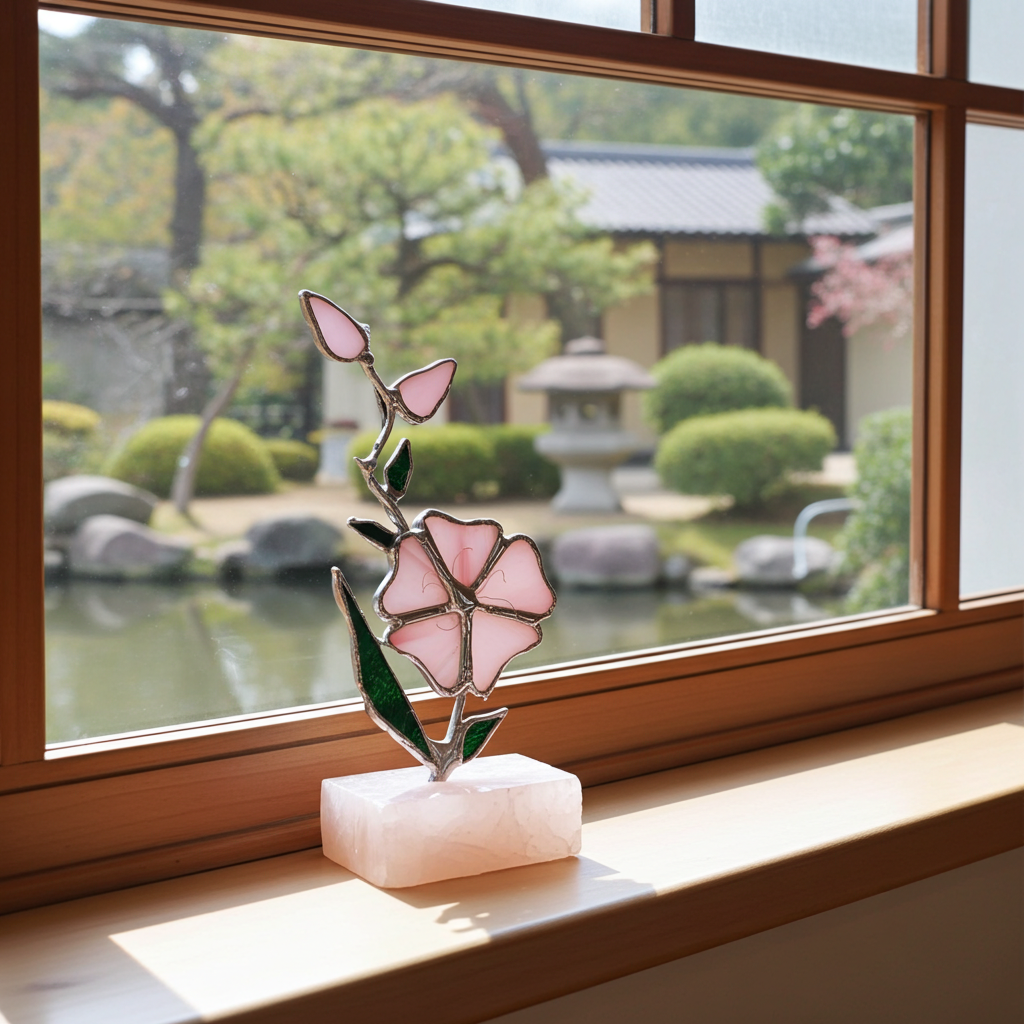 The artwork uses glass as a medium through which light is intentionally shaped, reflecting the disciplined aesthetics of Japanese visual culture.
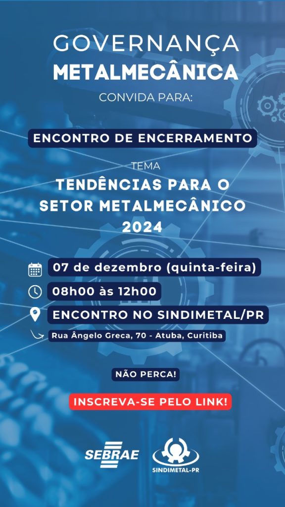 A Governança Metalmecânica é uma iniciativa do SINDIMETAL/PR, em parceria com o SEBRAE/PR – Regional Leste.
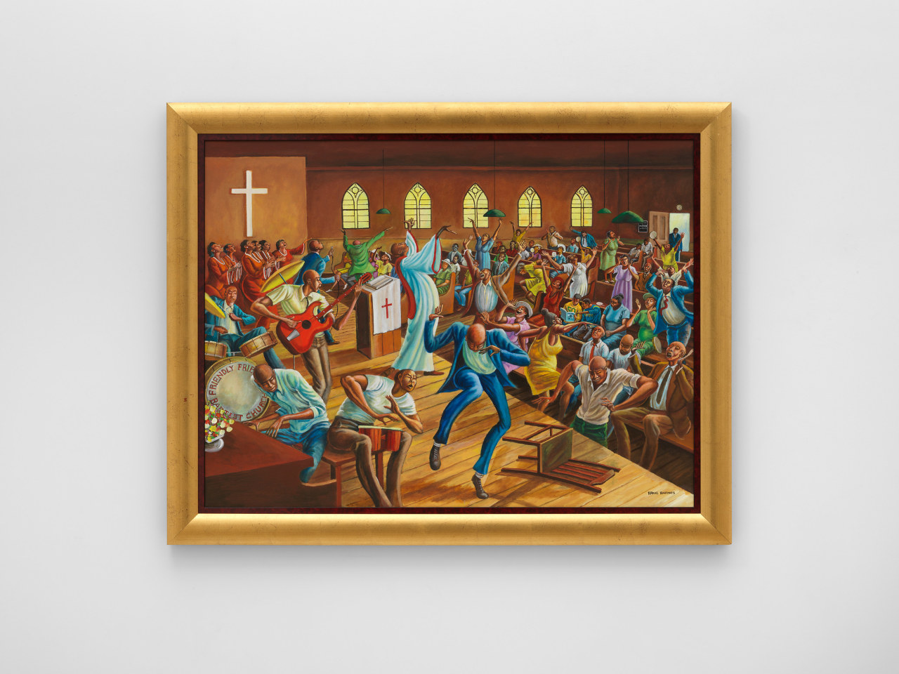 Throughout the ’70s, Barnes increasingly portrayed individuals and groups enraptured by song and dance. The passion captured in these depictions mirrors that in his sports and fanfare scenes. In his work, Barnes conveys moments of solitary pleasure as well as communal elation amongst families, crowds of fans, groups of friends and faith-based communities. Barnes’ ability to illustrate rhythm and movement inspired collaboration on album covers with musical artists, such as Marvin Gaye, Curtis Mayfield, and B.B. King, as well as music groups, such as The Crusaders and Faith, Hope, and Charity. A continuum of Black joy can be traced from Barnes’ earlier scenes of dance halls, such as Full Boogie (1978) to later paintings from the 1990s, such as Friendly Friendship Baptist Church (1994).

:::

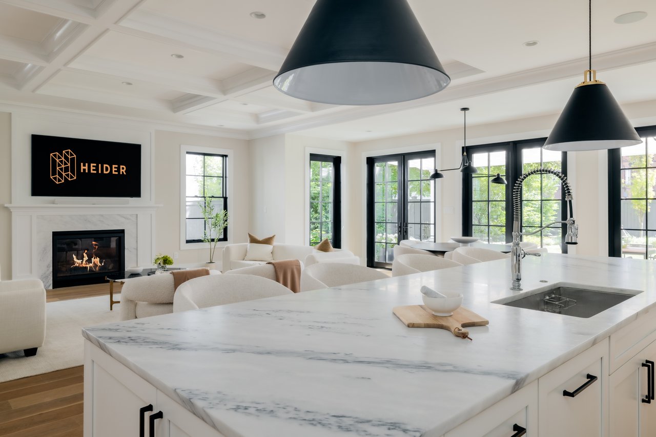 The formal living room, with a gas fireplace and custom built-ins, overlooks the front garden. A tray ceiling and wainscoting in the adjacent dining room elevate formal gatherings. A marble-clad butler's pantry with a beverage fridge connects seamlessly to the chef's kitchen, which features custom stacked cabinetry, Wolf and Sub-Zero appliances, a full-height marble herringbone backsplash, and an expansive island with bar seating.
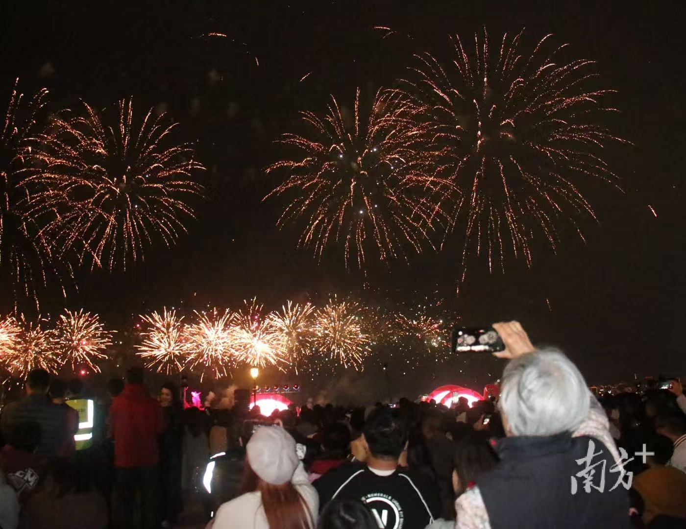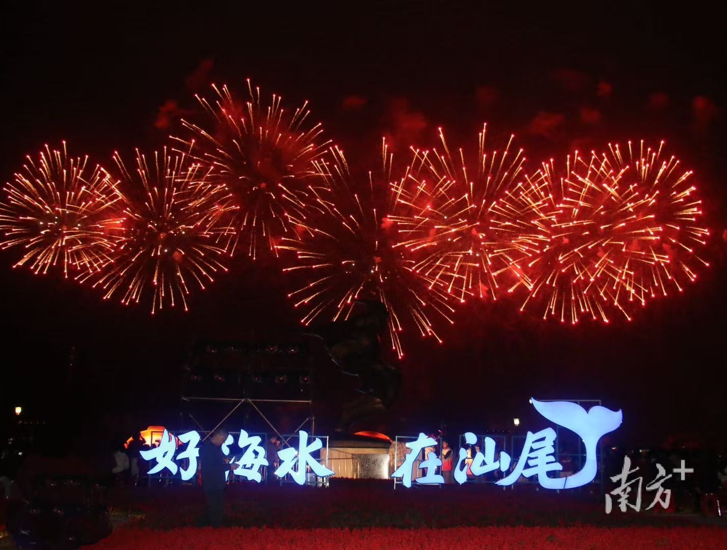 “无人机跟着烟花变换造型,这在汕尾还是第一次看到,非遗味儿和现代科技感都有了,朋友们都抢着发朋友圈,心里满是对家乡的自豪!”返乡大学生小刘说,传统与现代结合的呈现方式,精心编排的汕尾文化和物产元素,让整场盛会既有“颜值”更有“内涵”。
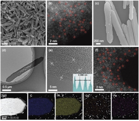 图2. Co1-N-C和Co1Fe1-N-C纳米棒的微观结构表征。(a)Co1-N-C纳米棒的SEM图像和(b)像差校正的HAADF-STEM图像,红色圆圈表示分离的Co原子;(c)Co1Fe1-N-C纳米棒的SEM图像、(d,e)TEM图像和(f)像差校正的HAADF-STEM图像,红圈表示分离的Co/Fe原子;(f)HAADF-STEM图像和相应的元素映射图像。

:::

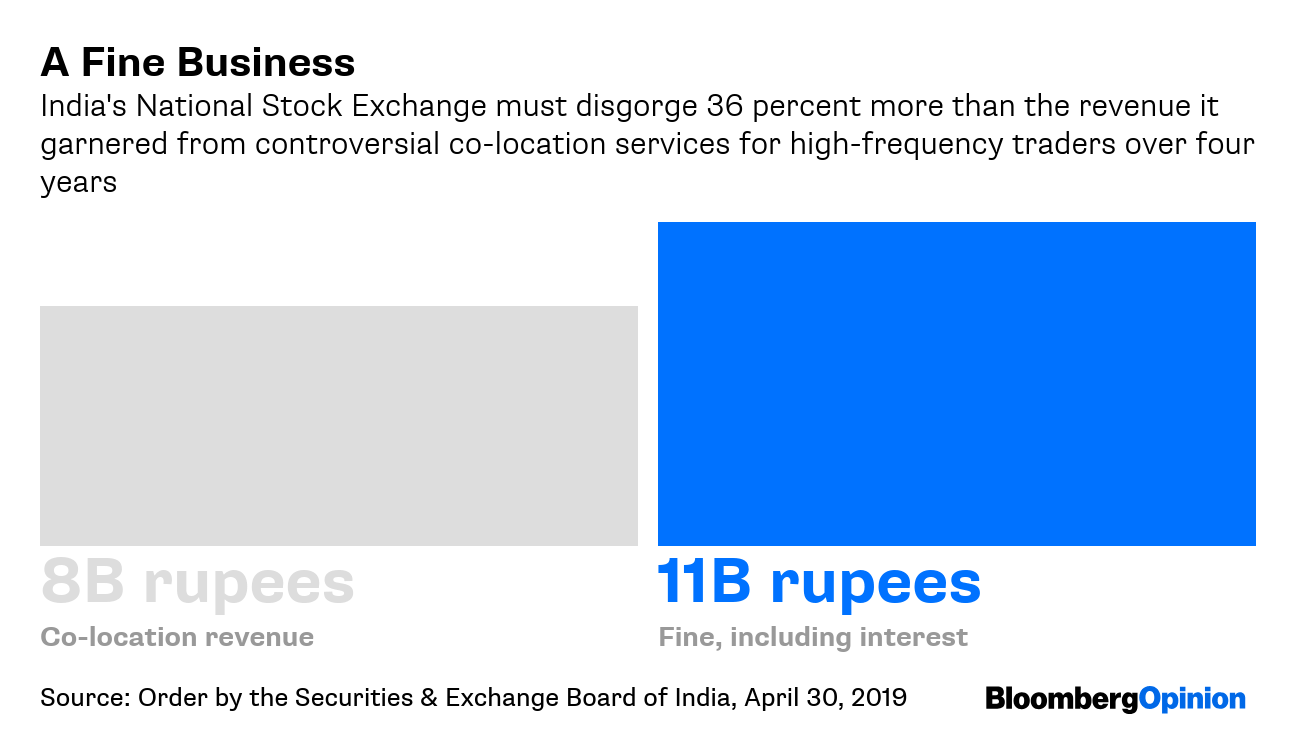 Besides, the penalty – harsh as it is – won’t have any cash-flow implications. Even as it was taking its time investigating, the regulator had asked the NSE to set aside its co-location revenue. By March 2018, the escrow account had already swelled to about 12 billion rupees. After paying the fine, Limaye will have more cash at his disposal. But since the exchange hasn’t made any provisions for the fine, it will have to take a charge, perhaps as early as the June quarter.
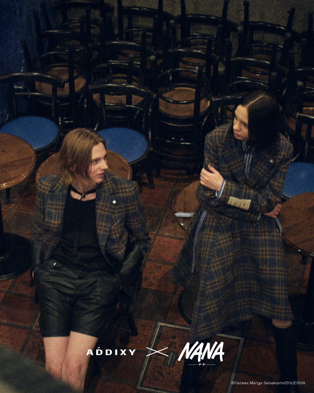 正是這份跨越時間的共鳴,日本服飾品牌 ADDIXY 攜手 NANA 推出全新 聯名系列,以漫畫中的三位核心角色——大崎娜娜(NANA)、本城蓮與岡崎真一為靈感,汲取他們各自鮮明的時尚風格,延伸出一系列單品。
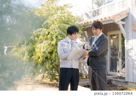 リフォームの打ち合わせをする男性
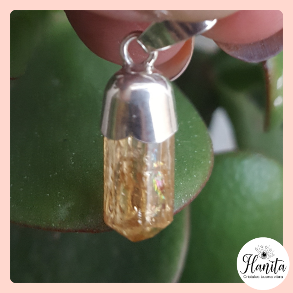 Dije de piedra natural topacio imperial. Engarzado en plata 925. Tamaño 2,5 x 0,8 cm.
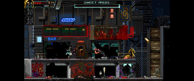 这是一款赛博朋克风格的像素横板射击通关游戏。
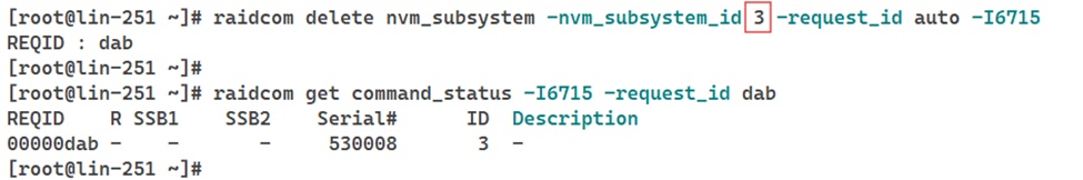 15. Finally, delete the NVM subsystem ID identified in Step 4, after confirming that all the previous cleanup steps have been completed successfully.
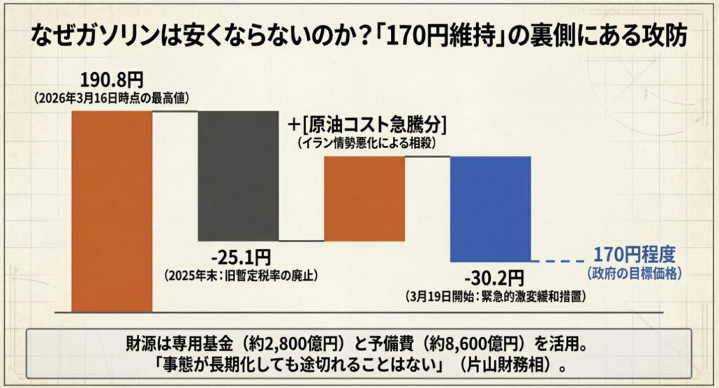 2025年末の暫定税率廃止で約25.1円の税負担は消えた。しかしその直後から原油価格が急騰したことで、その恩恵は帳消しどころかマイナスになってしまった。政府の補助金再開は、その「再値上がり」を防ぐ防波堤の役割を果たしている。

:::

Output exactly the lines above that lie between the line with "The artwork uses" and the line with "Throughout the ’70s, Barnes", those two lines included, and no pictures.

 The artwork uses glass as a medium through which light is intentionally shaped, reflecting the disciplined aesthetics of Japanese visual culture.
 A Governança Metalmecânica é uma iniciativa do SINDIMETAL/PR, em parceria com o SEBRAE/PR – Regional Leste.
 Throughout the ’70s, Barnes increasingly portrayed individuals and groups enraptured by song and dance. The passion captured in these depictions mirrors that in his sports and fanfare scenes. In his work, Barnes conveys moments of solitary pleasure as well as communal elation amongst families, crowds of fans, groups of friends and faith-based communities. Barnes’ ability to illustrate rhythm and movement inspired collaboration on album covers with musical artists, such as Marvin Gaye, Curtis Mayfield, and B.B. King, as well as music groups, such as The Crusaders and Faith, Hope, and Charity. A continuum of Black joy can be traced from Barnes’ earlier scenes of dance halls, such as Full Boogie (1978) to later paintings from the 1990s, such as Friendly Friendship Baptist Church (1994).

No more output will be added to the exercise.